Building blocks for energy – CARBOHYDRATE INTAKE

When you start talking about carbohydrates, you have to think of the body as a chemical processing plant. Numerous chemicals and compounds are taken in, processed, and broken down through various types of reactions for absorption and energy, and then distributed throughout the body for immediate use or stored for later use.

Carbohydrates are the most common energy source for the human body. Chemically broken down, it is made up of organic molecules in which carbon, hydrogen, and oxygen are joined together. Plants (potato, rice, corn, etc.) make carbohydrates during photosynthesis. (This is the process in which the plant collects energy from sunlight.) The body breaks down these carbohydrates during the metabolism process, to release this precious energy.

The modern food production process has changed the way we consume it, along with the modern knowledge we now have about food and nutrients. No more rice, potatoes, and red meat (as my grandmother used to cook every day), but a more nutritious variety of salad and vegetables, protein (red meat, chicken, fish, etc.), and carbohydrates.

High or low carb?

There are two types of carbohydrates, simple (monosaccharides) and complex (polysaccharides). Simple carbohydrates can be found in fruits, dairy products, processed and refined foods (such as white sugar, white bread, pasta, etc.). These carbohydrates are easier for the body to digest.

Complex carbohydrates take longer to digest and can be found in vegetables, whole grain breads and pastas, brown rice, etc. The refining process of some foods such as rice removes some of the fiber and nutrients from the grain. A bowl of whole grains will fill you up faster and keep you energized longer than a bowl of sugar-filled grains, due to the way the body processes and uses carbohydrates.

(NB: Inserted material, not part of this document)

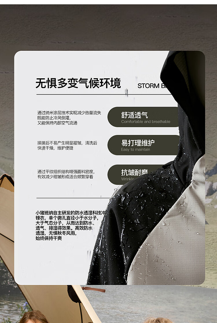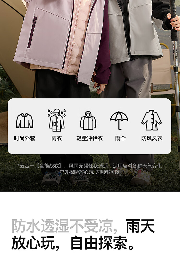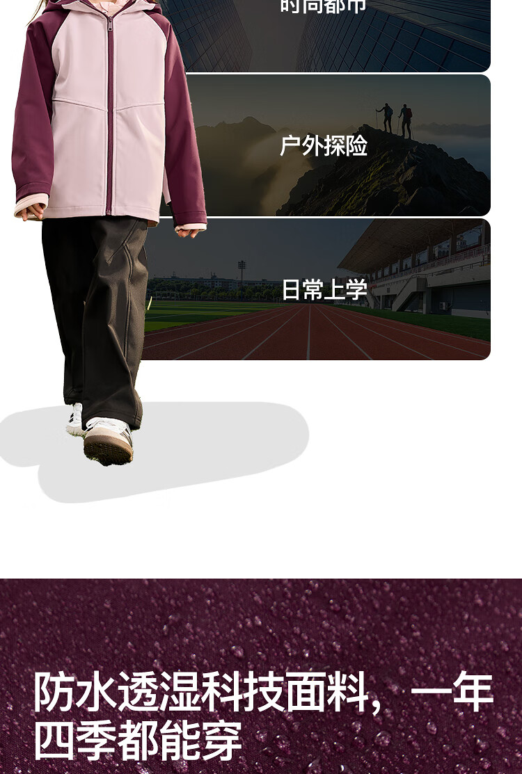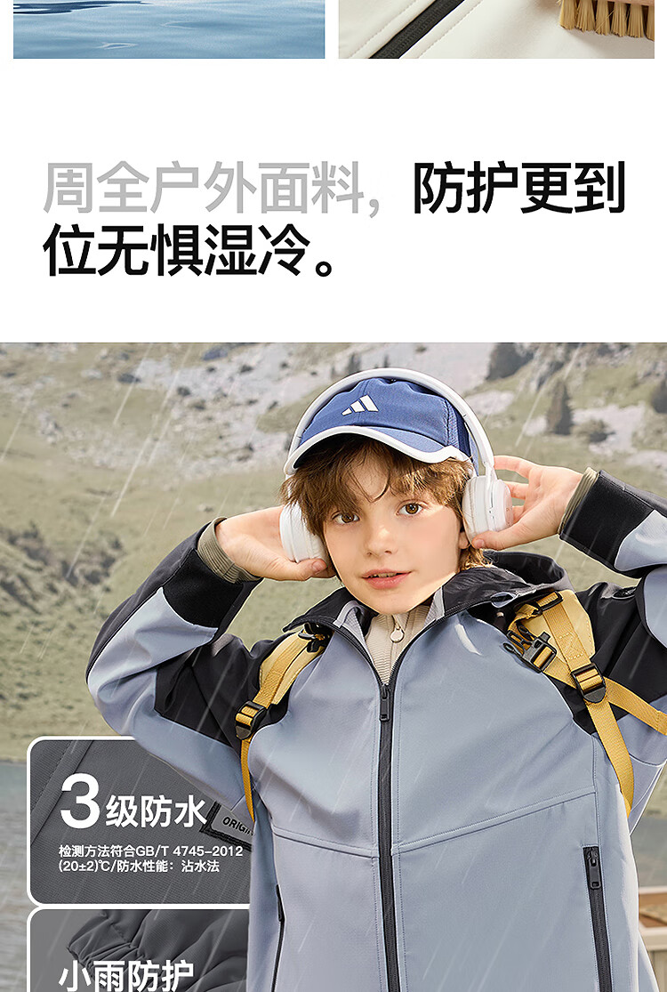 小猪班纳【户外机能软壳冲锋衣】童装秋季男女童防水防风耐磨连帽风衣外套 蓝色 130

When it comes to diets, there isn’t much of a difference in the long run between a low carb diet and a low fat diet. Rather choose healthy, energy-sustaining carbohydrate sources to add to your diet. I eat whole grains, legumes, fruits and vegetables and avoid sweetened foods with high sugar content. Nano 350 Weight Management also helps the body control blood sugar levels and distributes energy intake more evenly, which in turn suppresses appetite.

What does the body do with carbohydrates?

The liver digests carbohydrates by breaking them down into simple sugars like glucose, which stimulates insulin production in the pancreas. Insulin’s job is to bring sugar into the body’s cells to use for energy. The two different types of carbohydrates affect insulin production differently. Simple carbohydrates raise insulin levels faster and energy is used faster (sugar or energy rush). While complex carbohydrates take longer to digest, resulting in longer lasting energy and a lower insulin reaction in the body.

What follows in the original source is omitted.